С точки зрения К. Н. Леонтьева, «розовое христианство» знает только «безжизненно – всепрощающего Христа, которого сочинил сам Достоевский»[24], морального идеалиста, проповедующего «любовь» и «гармонию».

6. Оппозиция «христианская эсхатологическая перспектива» – «теория прогресса». Эсхатология К. Н. Леонтьева крайне пессимистична: «Вера в божественность Распятаго при Понтийском Пилате Назарянина, Который учил, что на земле все неверно и все неважно, все недолговечно, а действительность и вековечность настанут после гибели земли и всего живущего на ней: вот та осязательно — мистическая точка опоры, на которой вращался и вращается до сих пор исполинский рычаг христианской проповеди. Не полное и повсеместное торжество любви и всеобщей правды на этой земле обещают нам Христос и его апостолы; а, напротив того, нечто в роде кажущейся неудачи евангельской проповеди на земном шаре, ибо близость конца должна совпасть с последними попытками сделать всех хорошими христианами…» (ЛСС. 8, 182). «"Любовь" же (или проще и яснее доброту, милосердие, справедливость) надо проповедовать, ибо ее мало у людей, и она легко гаснет у них, но не должно пророчить ее воцарение на земле. Это психологически, реально невозможно, и теологически непозволительно, ибо давно осуждено церковью, как своего рода ересь (хилиазм, т.е. 1000-летнее царство Христа на земле, перед концом света)»[25]. С точки зрения К. Н. Леонтьева, христианство не верит ни в переустройство общества, ни в «лучшую автономическую мораль лица» (ЛСС. 8, 188-189). Христос проповедовал не всеобщую гармонию, а всеобщее разрушение, а пророчество о всемирном примирении людей во Христе отсутствует в Евангелии (ЛСС. 8, 183). Именно поэтому, с точки зрения К. Н. Леонтьева, Ф. М. Достоевский является представителем европейской гуманистической мысли, его идеи имеют космополитический характер, они противоречат вере Церкви в неискоренимость зла на земле и учению Христа, Который нигде и никогда не обещал «торжества поголовного братства на земном шаре» (ЛСС. 8, 177, 186).

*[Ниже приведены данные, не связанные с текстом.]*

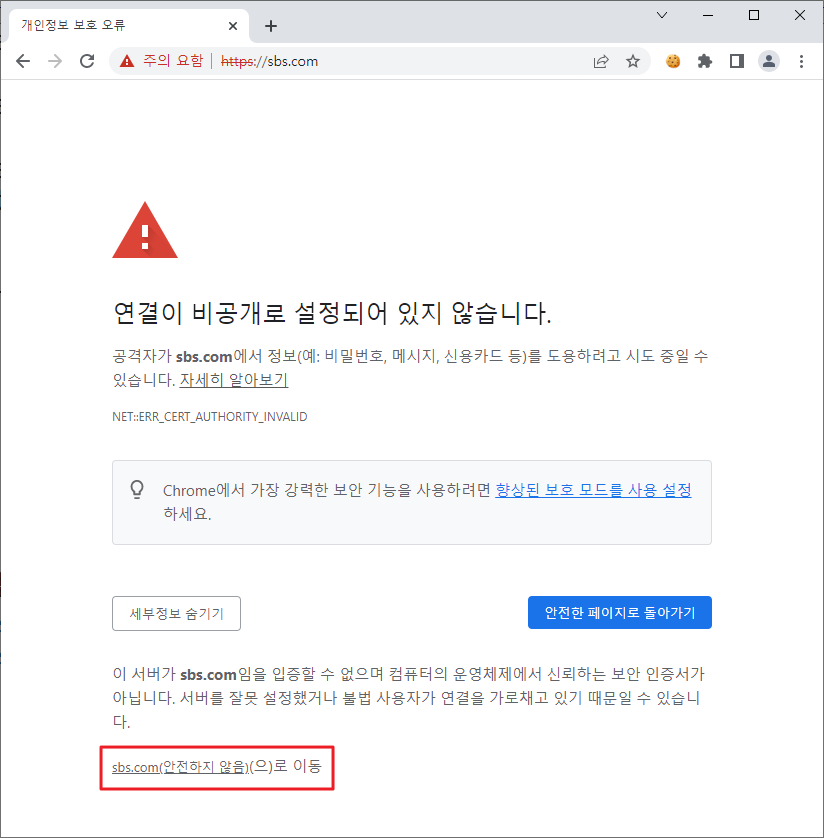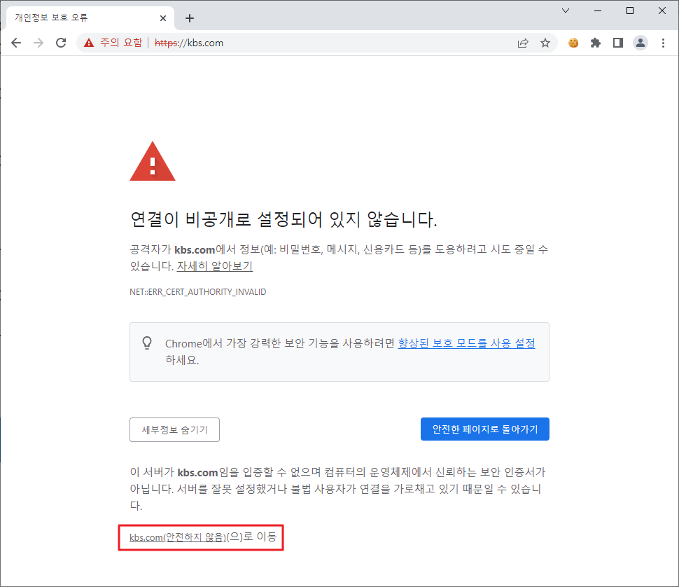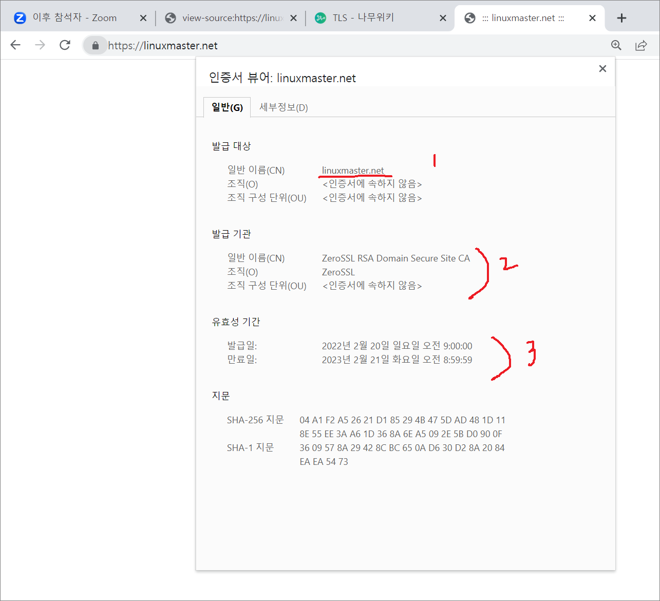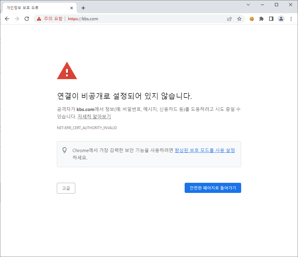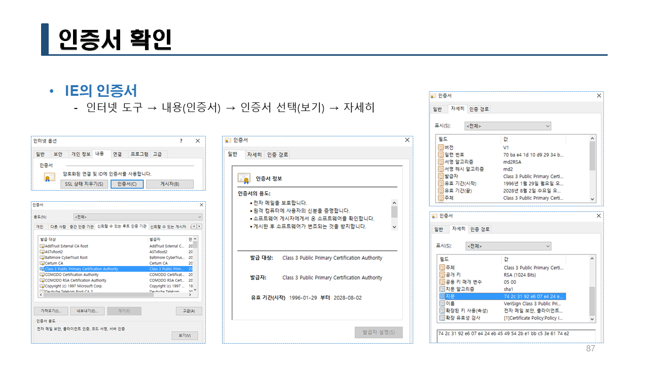 중간 인증 기관, 신뢰된 루트 인증 기관을 확인한다.
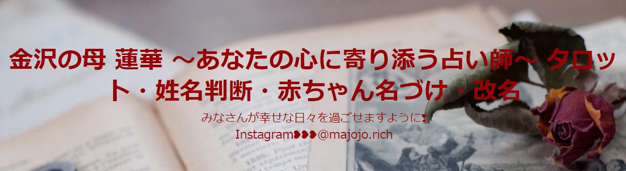 | 鑑定料金 | ・セッション姓名判断・タロット鑑定:20分/3,000円 45分/8,000円 90分/15,000円 延長:10分/2,000円 ・赤ちゃん命名:50,000円 ・赤ちゃん名付けお手伝い:25,000円 ・ビジネスネーム・プチ改名:20,000円) |
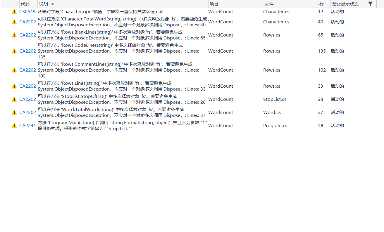我们采用的是VS自带的代码审查工具,发现了如图所示的问题,大部分还是命名规范的问题,我们又重新进行了修改。
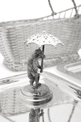 1 silver-plated bear-form figural toothpick holder, height 3 1/2 inches
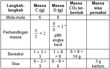 6 gram karbon dengan 8 gram oksigen
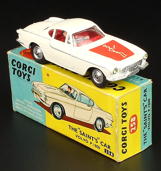 Corgi 258 The "Saint's" Car Volvo P.1800. With matchstick figure on orange-red label, shaped spun wheels. Scarce issue. Very near mint/boxed (wear). From The Heart of England Collection.
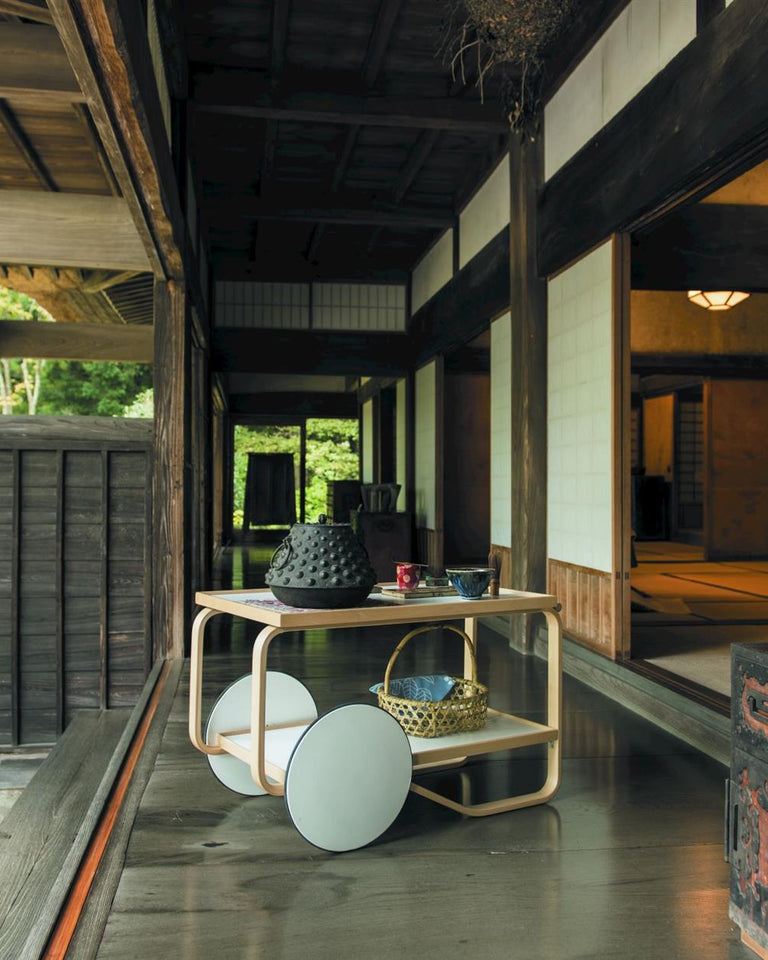 Arteks ikoniske tevogn, tegnet av Alvar Aalto i 1936, er inspirert av britisk tekultur og japansk håndverk. De to hjulene gjør den enkel å flytte.
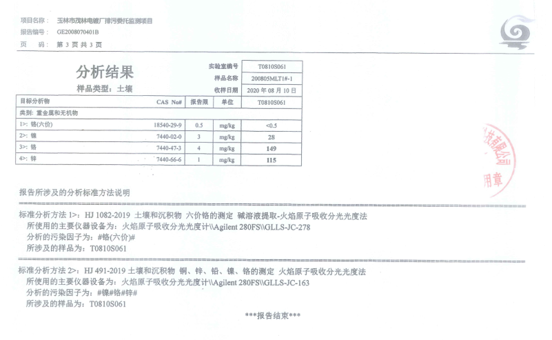 土壤玉林市茂林电镀厂自行委托监测报告

С точки зрения К. Н. Леонтьева, «эвдемонизм» есть антитеза «христианского аскетизма»: первый обещает «всебуржуазный, всетихий и всемелкий Эдем на нашей, до сих пор еще, слава Богу, как будто бы капризной и причудливой земле», целью которого является «всеобщая польза, понятая как всеобщее, внутреннее, субъективное довольство»; первый говорит «все на земле и все для земли», а другой – «ничего на земле; ничего для земли. «Царство Мое не от мира сего!»»[26]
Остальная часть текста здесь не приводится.